Therese came. 17 hour journey from Paris, Dieppe to Folkestone. Sent veg & pots [potatoes?] to Belgians.

Diary of Florence Vansittart Neale (D/EX73/3/17/8)

Rumour we had recaptured Ostend not true

Florence Vansittart Neale records a mixture of good and bad news.

18 October 1914
Early church Marlow. Poor Dr & Mrs Dickson there….

Heard we had sunk 4 German destroyers. Cecil Fox Commander. We lost only 2 men & 5 wounded.
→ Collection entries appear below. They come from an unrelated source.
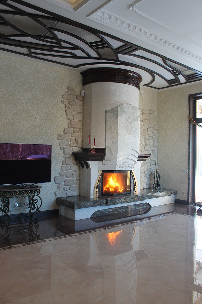Эскиз был создан быстро, не отрываясь, как говорится «одним кадром». И также легко согласован с заказчиком. Теперь нужно не только отвечать за каждую линию но и воплотить задуманное в камне и дереве… Даже при большом опыте строительства каминов это оказалось совсем не просто.
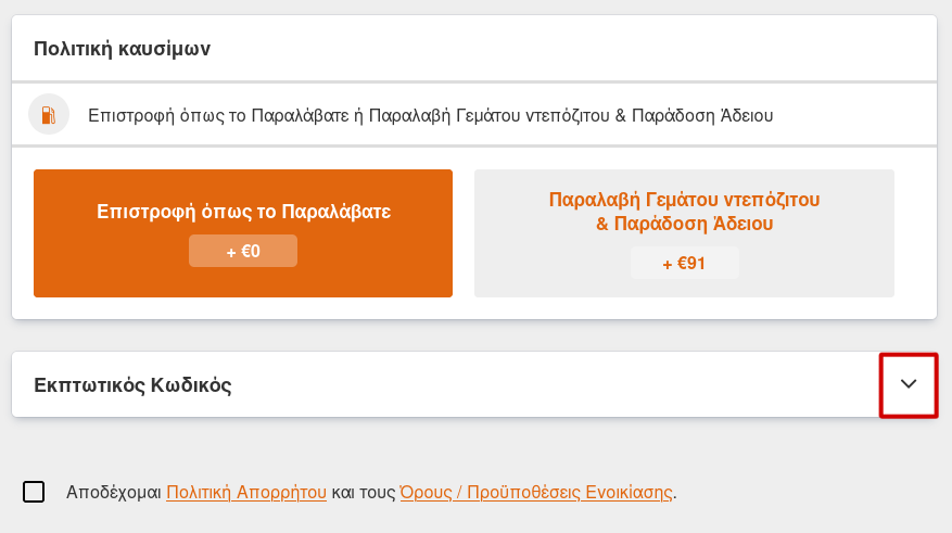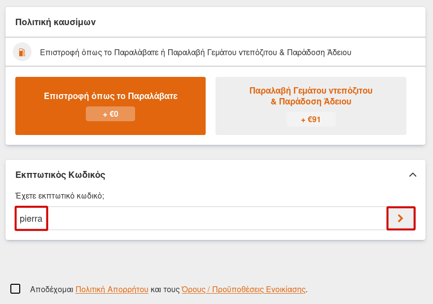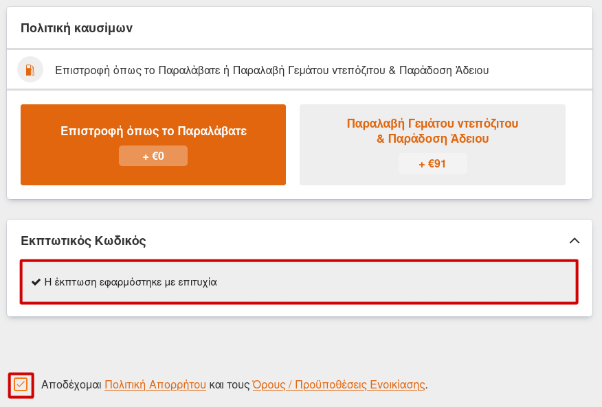 - Βεβαιωθείτε ότι η έκπτωση εφαρμόστηκε με επιτυχία και τσεκάρετε το αντίστοιχο κουτί για να αποδεχθείτε την Πολιτική Απορρήτου και τους Όρους Ενοικίασης.
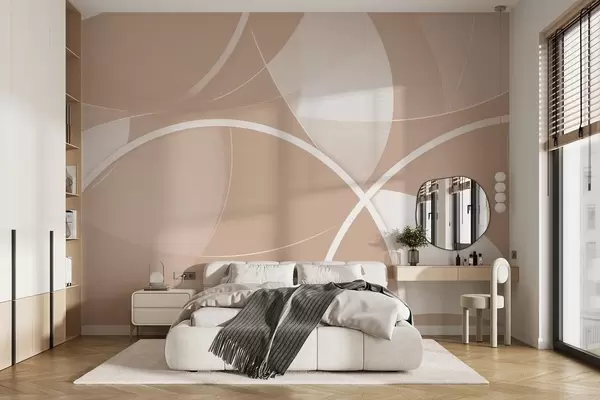 Fototapeedid Geomeetriline abstraktsioon beeži ja roosa toonides ringide ja poolringidega Nr w09085
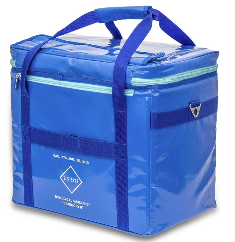 The bag is certified according to UN 3373, that enables the transport of biological substances class B.
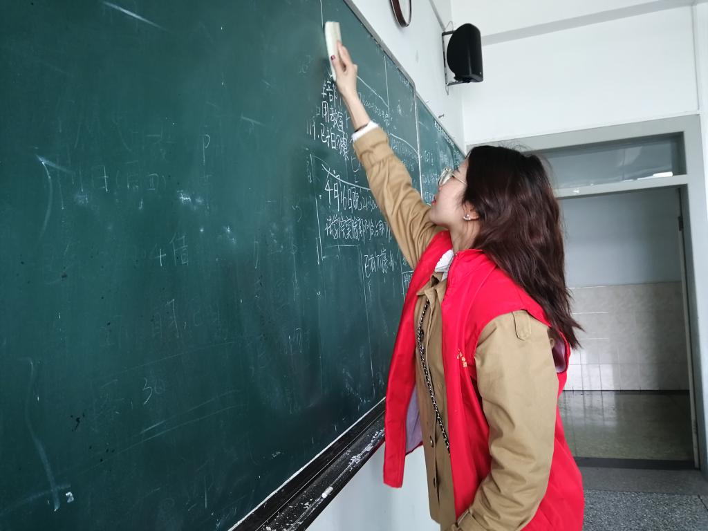 2019年4月16日,为了培养青年志愿者的服务能力,传播志愿者的奉献精神,整洁教室,弘扬爱护公共卫生的良好品质,信息工程开元体育官方网站登录入口团委志工部在十教AB两栋教学楼开展了以爱心奉献为主题的教室清洁活动。
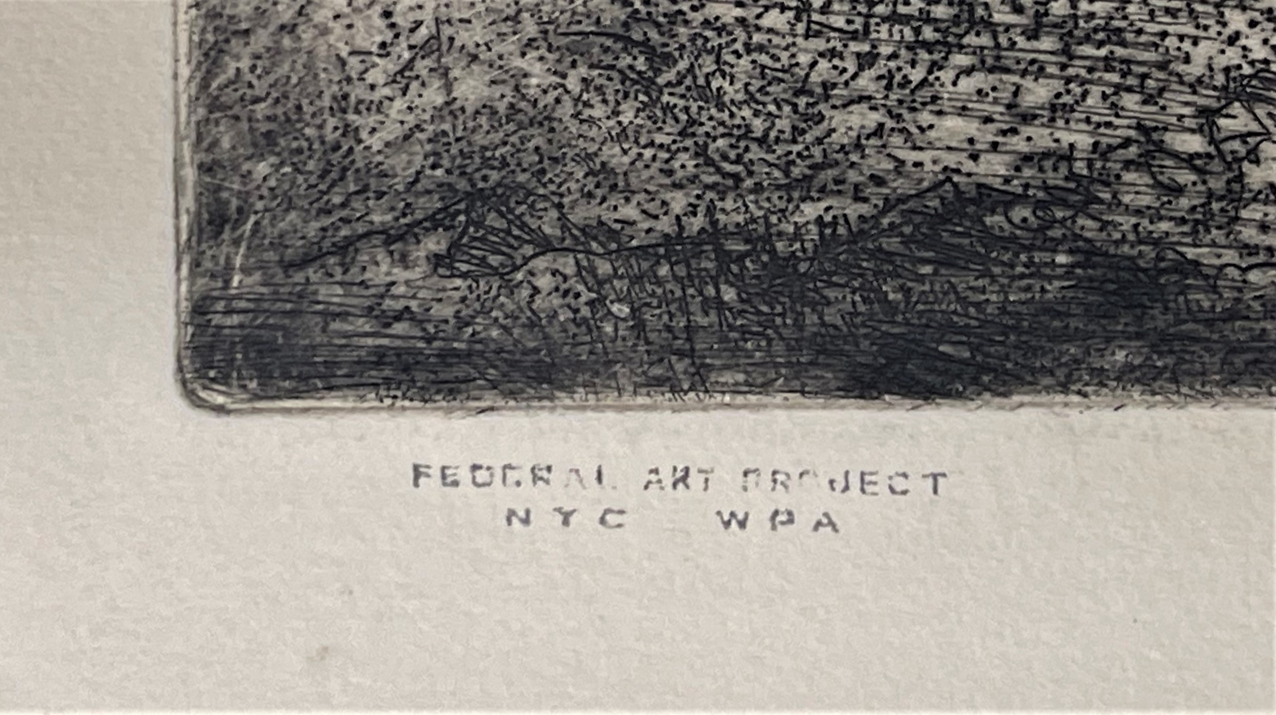 Hand-signed by the artist, in pencil, en recto lower right. Titled en recto lower center. With the stamp of the Federal Art Project en recto lower left.
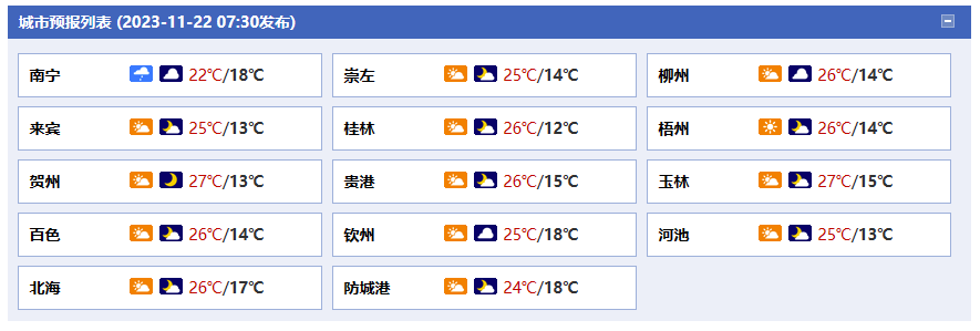 南寧市:今天白天多云轉(zhuǎn)陰天有小雨,今天晚上陰天到多云,偏東風轉(zhuǎn)東北風1~2級,最高氣溫22℃,最低氣溫18℃。
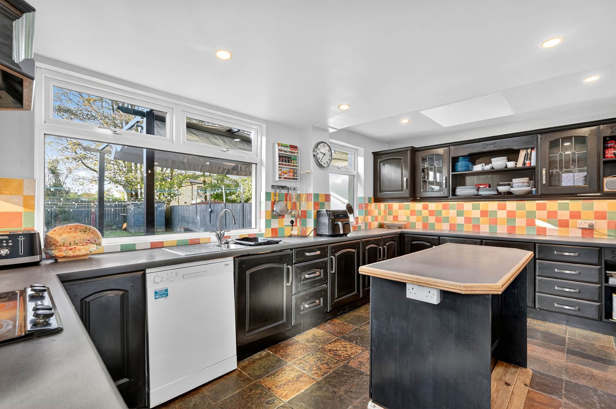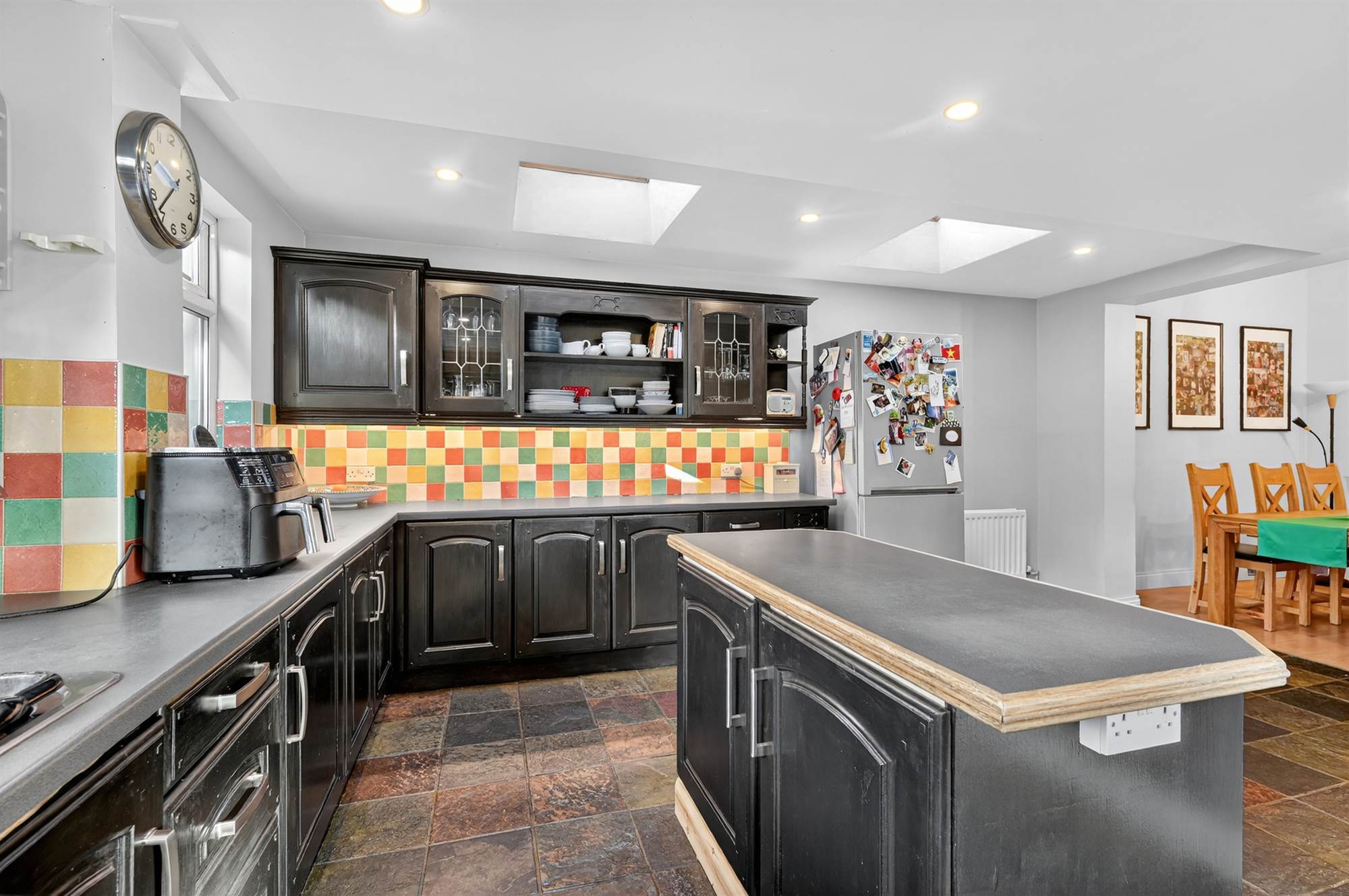 (at widest points).  Range of high and low level units, work surfaces, one and a half bowl stainless steel sink unit with mixer tap.  Space for fridge/freezer, underbench oven, four ring hob, extractor fan.  Feature glazed cabinet.  Plumbed for dishwasher, tiled splashback, island unit.  Skylight windows, uPVC door to rear.  Chinese slate tiled floor.  Open to living/dining area.
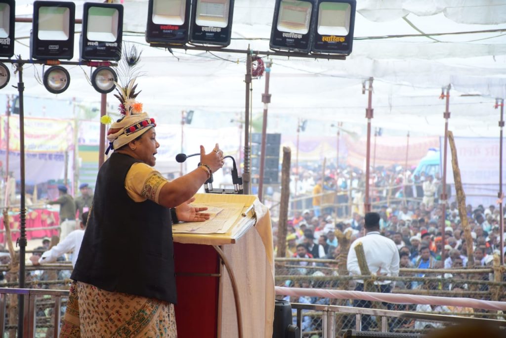 इस अवसर पर उन्होंने शहीद वीर नारायण सिंह जी के बलिदान एवं उनके योगदानों का स्मरण करते हुए उसे अतुलनीय बताया। उन्होंने कहा कि छत्तीसगढ़ के स्वाधीनता संग्राम का इतिहास जनजातीय नायको एवं वीर पुरुषों के बलिदानो से भरा पड़ा है। सुश्री उइके ने शहीद वीर नारायण सहित आदिवासी समाज के सभी महापुरुषों का पुण्य स्मरण करते हुए उन्हे सादर नमन किया। राज्यपाल ने उनके द्वारा जनजाति समाज के हितों के संरक्षण हेतु किये गए प्रयासों की भी जानकारी दी। कार्यक्रम स्थल मे पहुंचने के पश्चात राज्यपाल ने सर्वप्रथम देव स्थल मे पहुंचकर पूजा अर्चना की। कार्यक्रम स्थल मे पहुंचने पर परम्परागत आदिवासी नृत्यों एवं वाद्य यंत्रो के साथ राज्यपाल का भव्य तथा आत्मीय स्वागत किया गया। इस अवसर पर राज्यपाल ने गोंड समाज युवक युवति परिचय सम्मेलन पुस्तक का भी विमोचन किया। कार्यक्रम को पूर्व केंद्रीय मंत्री अरविन्द नेताम ने भी सम्बोधित किया। इस अवसर पर स्वागत भाषण आयोजन समिति के अध्यक्ष मानक दरपट्टी ने प्रस्तुत करते हुए समाज की मांगो की ओर राज्यपाल का ध्यान आकृष्ट कराया। कार्यक्रम मे कलेक्टर कुलदीप शर्मा, पुलिस अधीक्षक जीतेन्द्र कुमार यादव , सेनानी छत्तीसगढ़ सशस्त्र बल डी आर अचला, सी ई ओ जिला पंचायत डॉ रेणुका श्रीवास्तव सहित अन्य अधिकारियो के अलावा सामजिक प्रतिनिधि एवं विशाल संख्या मे आदिवासी समाज के लोग उपस्थित थे।

Rumoured we recaptured Ostend but not true.

Diary of Florence Vansittart Neale (D/EX73/3/17/8)

Thousands of Belgians flee to England

Florence Vansittart Neale’s diary mentions the influx of refugees from a Belgium overrun by the German army.

14 October 1914
Germans marching to Ostend. Thousands of Belgians come [to] England. Belgian Government moved to Havre.

Diary of Florence Vansittart Neale (D/EX73/3/17/8)

Paris is bombed

The Germans advance concerned Florence Vansittart Neale, as family friends came under fire and Paris was bombed from the air.

12 October 1914

Heard Charlie been under fire. Do not know where or when. Sep’s corps interned in Holland! Glad he not there. Germans going to Ostend – repulsed at Ghent. Bombs (20) over Paris, injured Notre Dame, killed & wounded 24 people.